If every point, as a man, his head facing a certain direction . They were recorded this man who is around, the direction is, respectively , then each rotation change just a square edge on the value and direction of all points.
This term at least we found a change in the amount of O (N) level stuff it ( although the variable direction or O (N ^ 2) ) .
Notes that , we do not need to really know each point of direction, we just need the right to maintain four to value all around . Since each direction of the point is known in the direction of the adjacent counted out point!
Each point indeed there is a direction , but we do not have records do not directly change it every time as long as the right to modify the boundary values, the entire rectangular orientation changes automatically.
Solve it!
Complexity of O (Q * N), the constant is slightly larger.

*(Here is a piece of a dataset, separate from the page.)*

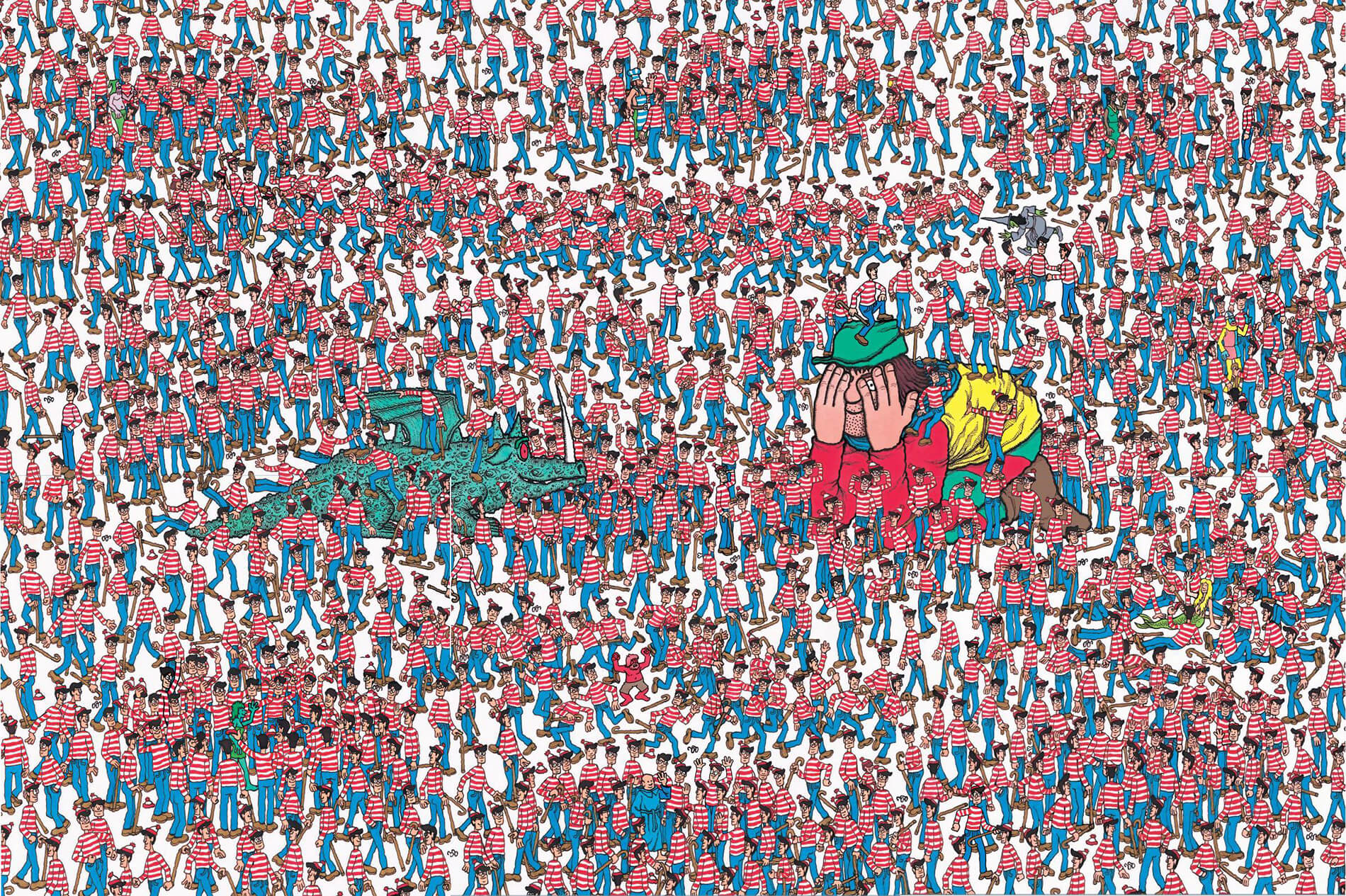 You must find the Waldo that has lost his shoe and is wearing a striped sock. Click on him when you find him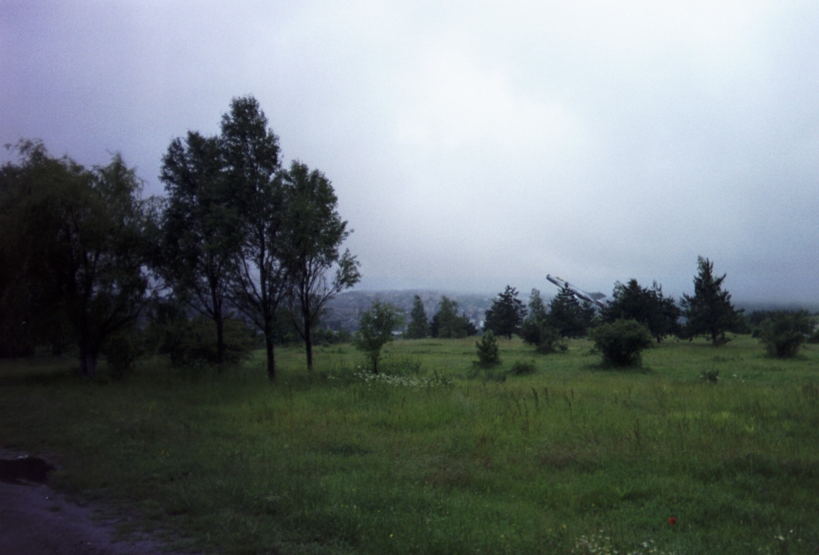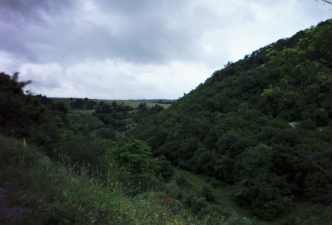 The last mountain before Sliven is a heck of climb. It's not hot, but I think the sun is getting to me. At the top, I seem to need more time to rest than the other two, but I take off just behind them. They warn me that it's a dangerous descent - wear your casque (helmet) and be careful on the turns. In one fast turn I glimpse a huge white statue of a Daniel Boone-like figure by the side of the road. I think I saw him carrying a big musket and maybe even a coon skin cap, but Lazar, who lives in Sliven has no idea what I'm talking about so maybe I imagined it.

#include<iostream> #include<cstdio> const int L=1<<20|1; char buffer[L],*S,*T; #define getchar() ((S==T&&(T=(S=buffer)+fread(buffer,1,L,stdin),S==T))?EOF:*S++) using namespace std; char a[2010][2010],c,b[8010]; int read() { int aa=0,bb=1;char cc=getchar(); while(cc>'9'||cc<'0'){if(cc=='-') bb=-1;cc=getchar();} while(cc<='9'&&cc>='0'){aa=(aa<<3)+(aa<<1)+(cc^48);cc=getchar();} return aa*bb; } int main() { int n,m,qq,num; n=read(),m=read(),qq=read(); for(int i=1;i<=n;i++) for(int j=1;j<=m;j++){ c=getchar(); while(c<'0'||c>'9') c=getchar(); a[i][j]=c; } int x,y,l,i=1,j; while(i<=qq){ x=read();y=read();l=read(); while(l>=2){ num=0; j=0;while(j<l) b[++num]=a[x][y+j],++j; j=1;while(j<l) b[++num]=a[x+j][y+l-1],++j; j=l-2;while(j>=0) b[++num]=a[x+l-1][y+j],--j; j=l-2;while(j>=1) b[++num]=a[x+j][y],--j; j=l-2;while(j>=1) a[x][y+j]=b[num--],--j; j=0;while(j<=l-2) a[x+j][y]=b[num--],++j; j=0;while(j<=l-2) a[x+l-1][y+j]=b[num--],++j; j=l-1;while(j>=0) a[x+j][y+l-1]=b[num--],--j; x++,y++;l-=2; } i++; } i=1; while(i<=n){ j=1; while(j<=m){ putchar(a[i][j]),putchar(' '); j++; } puts(""); i++; } return 0; }
This question is short test point is very water, T1T3 violence can water before, but the sample is too inhumane to put a computer card collapse 34 times.